Along the nut-brown sands of the beach, palm-size sanderlings ("wave runners") dash to receding water to check for morsels left behind, then dart landward as a new roller flattens onto the beach. Laughing gulls hoot and cackle at hand-holding tourists and fitness enthusiasts pacing the flat miles of sand. Basic-brown willets work the water's edge, tall enough to stalk the shallows and dig for mollusks or crabs. Terns, their black heads looking like well-oiled toupees, jet overhead.
Cruising the bay
Scarlet Colley's Fins to Feathers nature cruise into South Bay pauses at isolated shorelines where privacy-loving plovers, least sandpipers, cormorants, night herons, spoonbills, and more are near enough to the idling boat that it's possible to study their identifying marks. We nose toward a grove of black mangroves where the elusive mangrove warbler has been seen. A canary-yellow bird with a handsome chestnut head and sweet song, it's a relatively new nester along the coast.
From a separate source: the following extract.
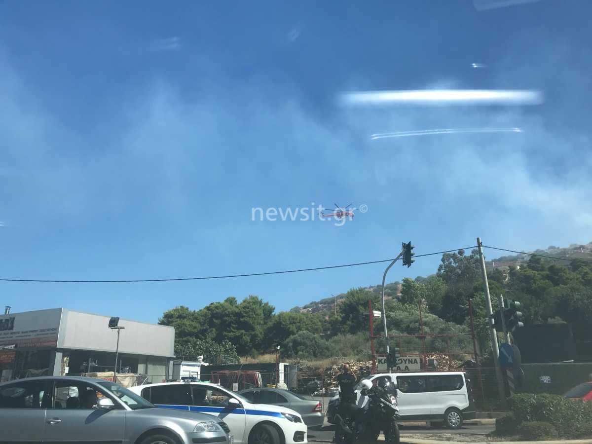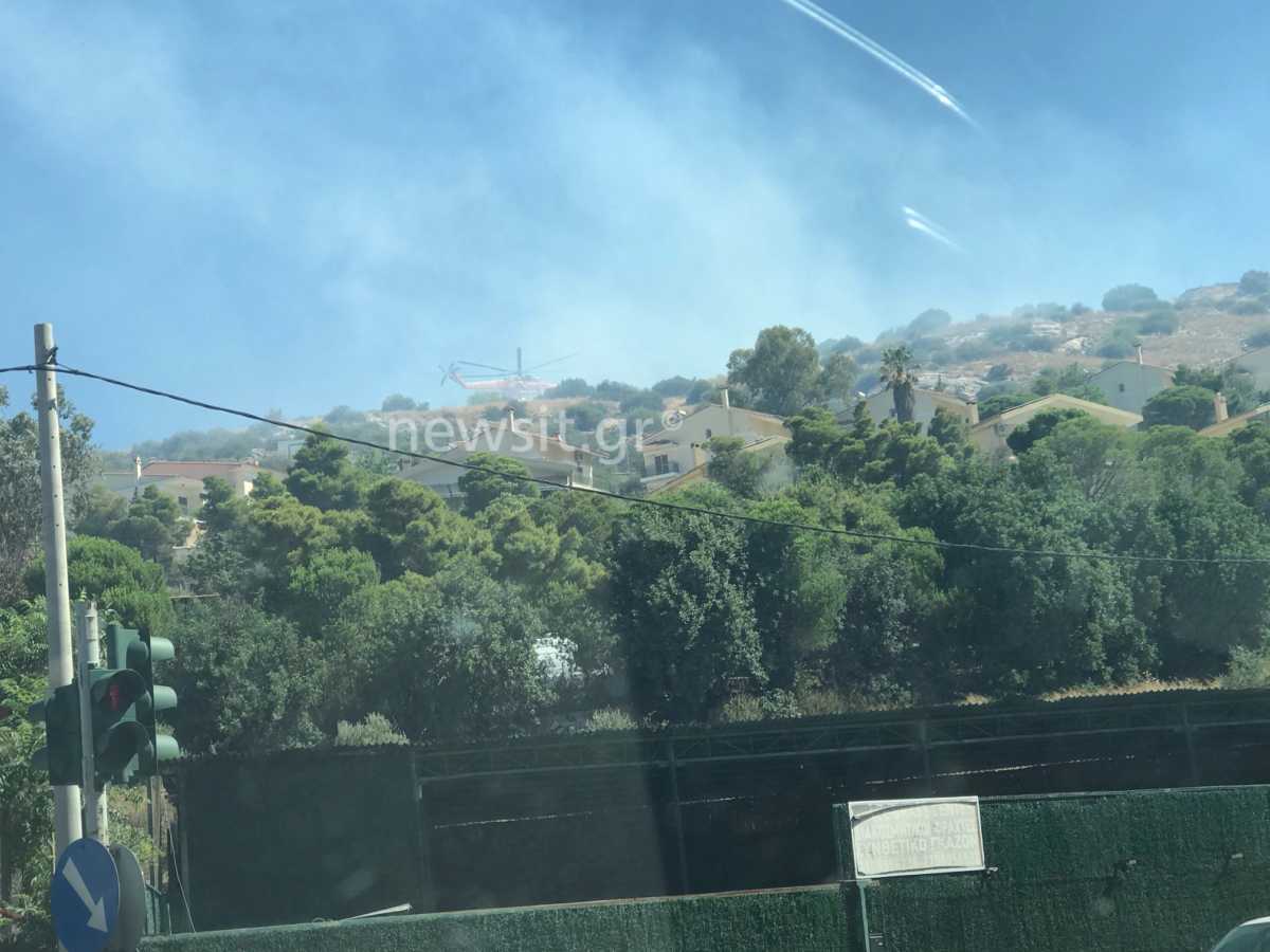 Δεν είναι γνωστό ακόμα πως ξέσπασε η φωτιά. Σύμφωνα με την Πυροσβεστική, η φωτιά καίει χαμηλή βλάστηση επί της οδού Οδυσσέα Ανδρούτσου.

Serious birders come from far away to see it, and a spotting would be a coup for a beginner. Today it refuses to show itself.
I move from gulf to river on a four-hour cruise on the Arroyo Colorado with Aaron Reed of Kiskadee Charters. Reed knows my heart's desire: to see a great kiskadee, a South Texas flycatcher that also dives for fish. Lemon yellow underneath, reddish brown on wings and tail, with broad black horizontal stripes on its white head, the kiskadee is an eye-catcher. Ear-catching is its loud call, a trumpeted, "Not me!"
Three species of kingfishers (ringed, belted, and green), osprey in trees and overhead, a dervish of gulls whirling above a wharf, the dusky plumage of a green heron, hawks, wild turkeys, and more add to amazements along the river. I spot 53 species.
The 90,000 acres of the Laguna Atascosa refuge, about an hour from the town of South Padre Island, is at the convergence of desert, temperate, coastal, and tropical climates, and the great diversity of bird-life (415 species tallied) and wildlife find niches within the variations. Of the 50 ocelots -- small wildcats -- remaining in the U.S., 20 are on the preserve, according to Sue Woodson, guiding a two-hour tram tour of the 15-mile Bayside Wildlife Drive. She and her husband, Dave, are knowledgeable volunteers, catching the pop-up of bobwhite quail in a bush's low branches and picking out savannah sparrows flitting on a mud bank.
Trails behind the refuge's visitor center offer delights as well, especially in the racketing of garrulous, pheasant-size chachalacas and the loud comments by the green jay, a Ferrari among birds with green, blue, black, and bright yellow feathers. Watchers bring spotting scopes, long-lens cameras, and the naked eye to the trails' watering holes, and all see wonders.
Spotting made simple
The easiest pickings, however, are at the island's birding and nature center and next-door convention center, where a linked mile-long boardwalk meanders over mudflats, by streams, past weedy fields to marsh and sandy shore. Saltwater, freshwater, and brackish water come together here and concentrate the birds.
A curlew, its long bill like a pry bar, levers mollusks from the mud. A white ibis preens with its curved red bill. A spotted sandpiper bobs its backend like a boogie king. A reddish egret stands motionless, a still-life of posture and smoke-and-rust feathers.
The close-ups from the boardwalk hold potential for what some call the "aha!" bird -- the sighting so exciting that it transforms a casual watcher into a birder. South Padre's hundreds of species seem to campaign for the "aha!" title, to be the switch that turns a beginner on for life.